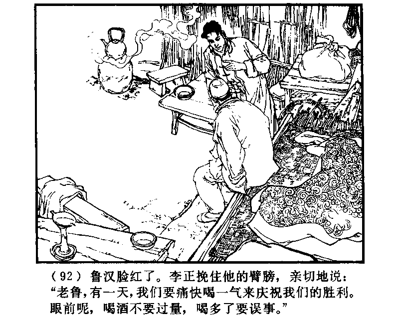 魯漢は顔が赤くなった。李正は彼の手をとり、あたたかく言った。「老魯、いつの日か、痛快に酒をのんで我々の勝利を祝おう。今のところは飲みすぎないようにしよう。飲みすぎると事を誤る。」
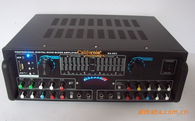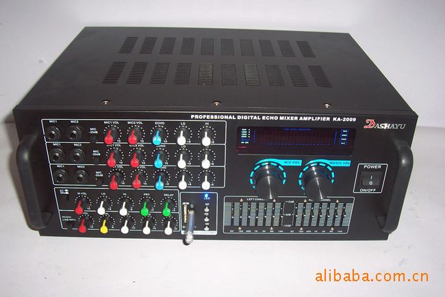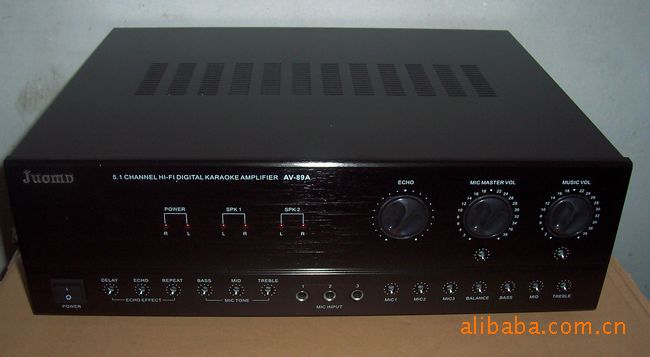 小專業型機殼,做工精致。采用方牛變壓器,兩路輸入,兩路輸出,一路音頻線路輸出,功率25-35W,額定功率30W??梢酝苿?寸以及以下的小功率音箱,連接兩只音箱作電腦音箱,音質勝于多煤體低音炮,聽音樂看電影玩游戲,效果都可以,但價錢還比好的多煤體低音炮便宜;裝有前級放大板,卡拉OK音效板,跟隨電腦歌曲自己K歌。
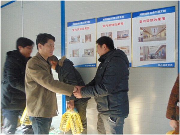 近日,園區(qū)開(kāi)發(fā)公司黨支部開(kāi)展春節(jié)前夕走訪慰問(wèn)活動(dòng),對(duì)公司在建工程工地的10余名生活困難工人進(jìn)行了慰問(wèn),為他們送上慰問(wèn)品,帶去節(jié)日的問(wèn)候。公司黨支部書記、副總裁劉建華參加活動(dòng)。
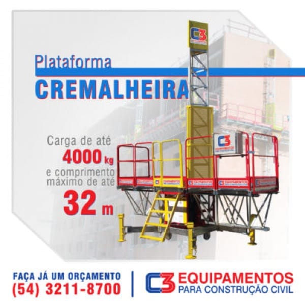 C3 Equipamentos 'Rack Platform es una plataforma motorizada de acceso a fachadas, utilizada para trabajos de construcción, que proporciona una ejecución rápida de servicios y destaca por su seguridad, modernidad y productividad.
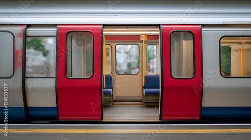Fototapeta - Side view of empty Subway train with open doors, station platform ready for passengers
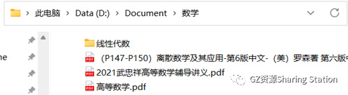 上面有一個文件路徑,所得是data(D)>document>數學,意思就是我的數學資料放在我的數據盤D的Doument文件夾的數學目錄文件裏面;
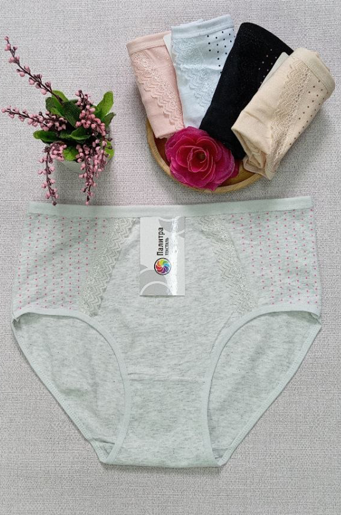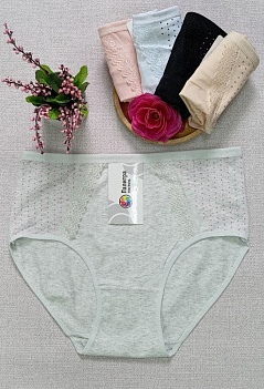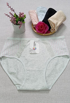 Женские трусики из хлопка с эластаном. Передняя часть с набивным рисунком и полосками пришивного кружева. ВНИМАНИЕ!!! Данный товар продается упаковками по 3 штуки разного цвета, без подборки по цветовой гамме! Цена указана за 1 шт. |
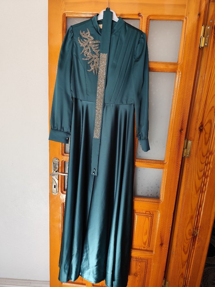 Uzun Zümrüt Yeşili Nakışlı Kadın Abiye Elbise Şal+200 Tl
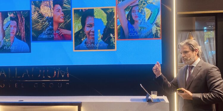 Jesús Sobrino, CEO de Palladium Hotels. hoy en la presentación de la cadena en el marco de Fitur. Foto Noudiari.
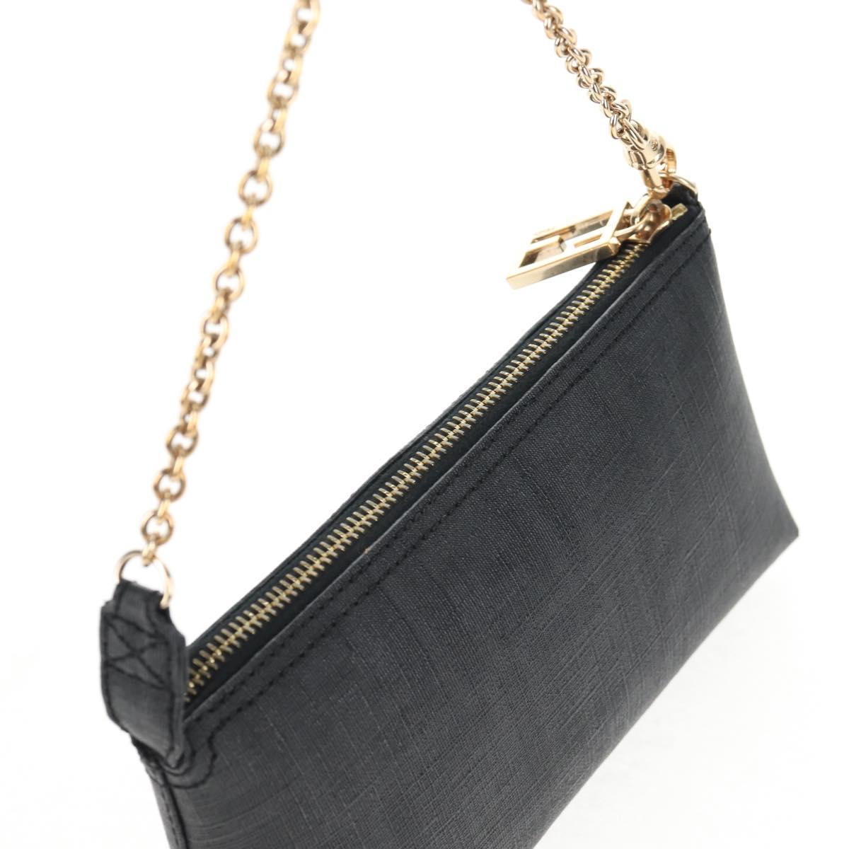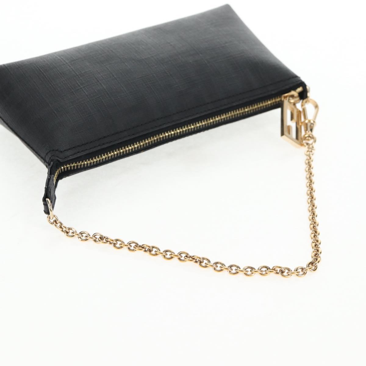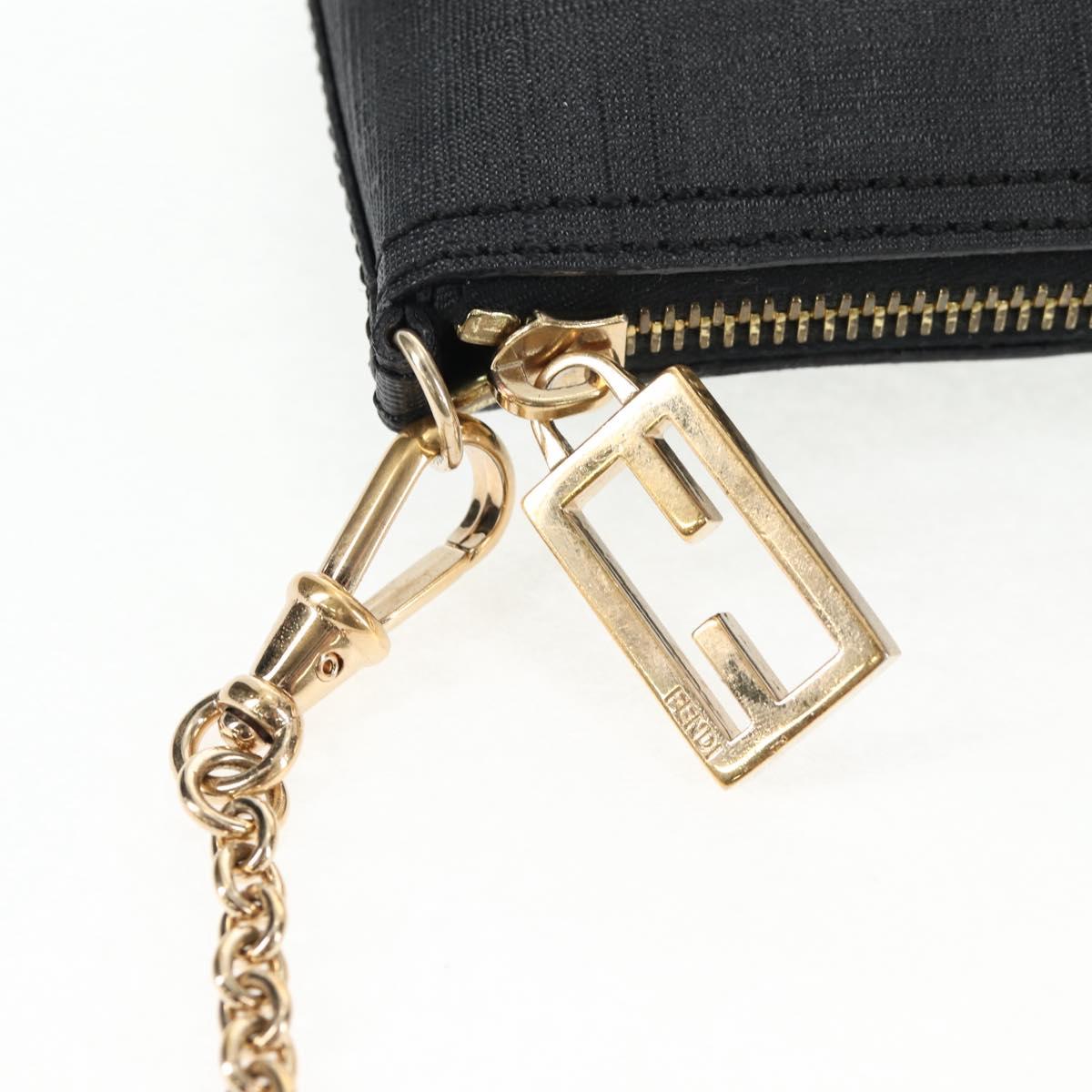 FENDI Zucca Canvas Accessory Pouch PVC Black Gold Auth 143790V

════

● Problem
The data should be printed again unchanged; leave its pictures out.

● Result of the task
 魯漢は顔が赤くなった。李正は彼の手をとり、あたたかく言った。「老魯、いつの日か、痛快に酒をのんで我々の勝利を祝おう。今のところは飲みすぎないようにしよう。飲みすぎると事を誤る。」
 小專業型機殼,做工精致。采用方牛變壓器,兩路輸入,兩路輸出,一路音頻線路輸出,功率25-35W,額定功率30W??梢酝苿?寸以及以下的小功率音箱,連接兩只音箱作電腦音箱,音質勝于多煤體低音炮,聽音樂看電影玩游戲,效果都可以,但價錢還比好的多煤體低音炮便宜;裝有前級放大板,卡拉OK音效板,跟隨電腦歌曲自己K歌。
 近日,園區(qū)開(kāi)發(fā)公司黨支部開(kāi)展春節(jié)前夕走訪慰問(wèn)活動(dòng),對(duì)公司在建工程工地的10余名生活困難工人進(jìn)行了慰問(wèn),為他們送上慰問(wèn)品,帶去節(jié)日的問(wèn)候。公司黨支部書記、副總裁劉建華參加活動(dòng)。
 C3 Equipamentos 'Rack Platform es una plataforma motorizada de acceso a fachadas, utilizada para trabajos de construcción, que proporciona una ejecución rápida de servicios y destaca por su seguridad, modernidad y productividad.
Fototapeta - Side view of empty Subway train with open doors, station platform ready for passengers
 上面有一個文件路徑,所得是data(D)>document>數學,意思就是我的數學資料放在我的數據盤D的Doument文件夾的數學目錄文件裏面;
 Женские трусики из хлопка с эластаном. Передняя часть с набивным рисунком и полосками пришивного кружева. ВНИМАНИЕ!!! Данный товар продается упаковками по 3 штуки разного цвета, без подборки по цветовой гамме! Цена указана за 1 шт. |
 Uzun Zümrüt Yeşili Nakışlı Kadın Abiye Elbise Şal+200 Tl
 Jesús Sobrino, CEO de Palladium Hotels. hoy en la presentación de la cadena en el marco de Fitur. Foto Noudiari.
 FENDI Zucca Canvas Accessory Pouch PVC Black Gold Auth 143790V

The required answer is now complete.